Because nitrogen application rate and irrigation amounts typically exceed plant requirements demand in Egypt, drainage to ground water or surface water can result in N movement out of the root zone especially in light textured soils, and this causes a lot of economical and environmental problems, therefore the management of irrigation water and fertilizer and physical properties of soil are important to reduce these problems. The Research Objectives were i) to reduce nitrate leaching to water recourses through the adoption of the improved nitrogen and water management practices. 2)-Evaluating the effectiveness of localized compaction on NO־3 leaching reduction and improvement of nitrogen and water use efficiency in a corn field under different water regimes and different locations of the localized compaction. 3)-Determination of soil nitrate vertical distribution (after crop yielding) as affected by localized compaction treatments. 4)-Calculating compaction dependency and yield response under different water regimes, and different locations of localized compaction treatments.5) -Assessing the relationship between some of physical properties and localized compaction treatments.

To achieve these objectives, the following studies were carried out:  field experiment was carried out in 2007 at EL-Boston region, in calcareous, sandy loam soil under furrow irrigation system. Split plot statistical design    with two water application rates as a main plots (a) Field capacity= 100% of ETC (I-1), and (b) at saturation (I-2).   Nitrogen fertilizer was banded under four treatments of localized compaction (LC) as sub main plots as fellows, (i): The control without compaction (LC-1), (ii): under the fertilizer band (LC-2), (iii): above the fertilizer band (LC-3), and (iv): both above and under the fertilizer band (LC-4).For each irrigation treatment, 120 Kg of nitrogen /fed as ammonium nitrate 33.5 % was applied. The fertilizer was incorporated in depth of 5 cm. The N-fertilizer was splited in two equal doses (at planting and 30 days after planting). Soil samples were collected during the growing season and after harvesting. Plant samples were collected at tasseling.

The obtained results can be summarized as following: The results of this study showed that increasing loads, above the compacting wheel, increased soil bulk density and reduced total porosity at the same level of soil moisture content.
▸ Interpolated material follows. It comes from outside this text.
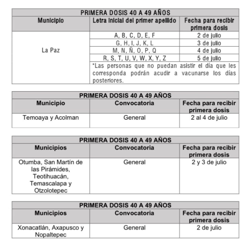 En coordinación con los ayuntamientos mexiquenses, el próximo viernes 2 de julio inicia la aplicación de la primera dosis del biológico contra COVID-19 a personas de 40 a 49 años y mujeres embarazadas mayores de edad con más de nueve semanas de gestación en los municipios de:
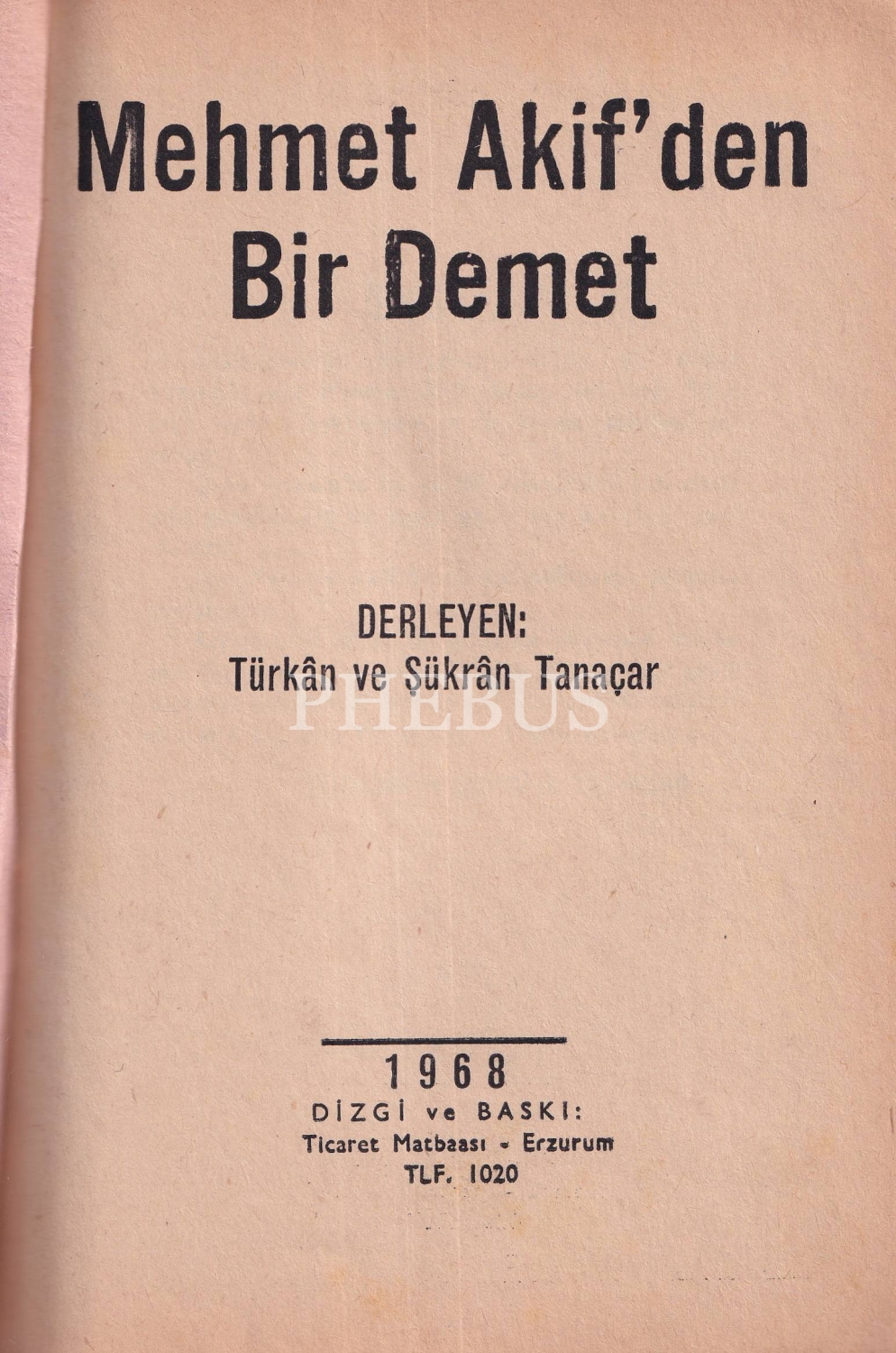 Mehmed Akif'den Bir Demet, Derleyenler: Milliyetçi Öğretmenler Türkan ve Şükran Tanaçar, Erzurum, 1968, 14x20 cm.

Also, soil compaction, by the wheel when the load was 30 kg with the volumetric water content near field capacity, increased soil bulk density from 1.41 up to 1.67 g/cm3. This caused parallel decrease in total porosity (TP) and quickly drainable pores (QDP); and increased the slowly drainable pores (SDP), and fine capillary pores (FCP). Reduced infiltration rate and hydurlic conductivity are resulted from 30 kg load.

Using FAO-CROPWAT software version 4.3 to calculate crop water requirements is a good method in irrigation scheduling. Moreover The results also suggest that irrigation scheduling might be a viable method to reduce groundwater pollution, and that application of optimized minimum amounts of water and nitrogen is required to meet realistic environmental, economic and yield goals.

Irrigation at field capacity significantly increased grain yield, N-uptake, all growth parameters, N- efficiency, water efficiency parameters and chlorophyll   A chlorophyll B contents at the same time reduced nitrate leaching from soil profile as compared with irrigation at saturation.

At irrigation at saturation, localized compaction significantly increased grain yield, N-uptake, all growth parameters, N- efficiency, water efficiency parameters and chlorophyll content as compared with control plots and localized compaction under the fertilizer band. At irrigation at field capacity there was no response to localized compaction treatments therefore; localized compaction dependency was small as compared with saturation treatments.

Results of the present study indicate that localized compaction (LC-3), (LC-4) reduced NO־3 leaching and improved N-use efficiency only when irrigation water excessed field capacity. These findings suggest that the    (LC-3) may be effective in reducing leaching losses during growing seasons when irrigation was above field capacity.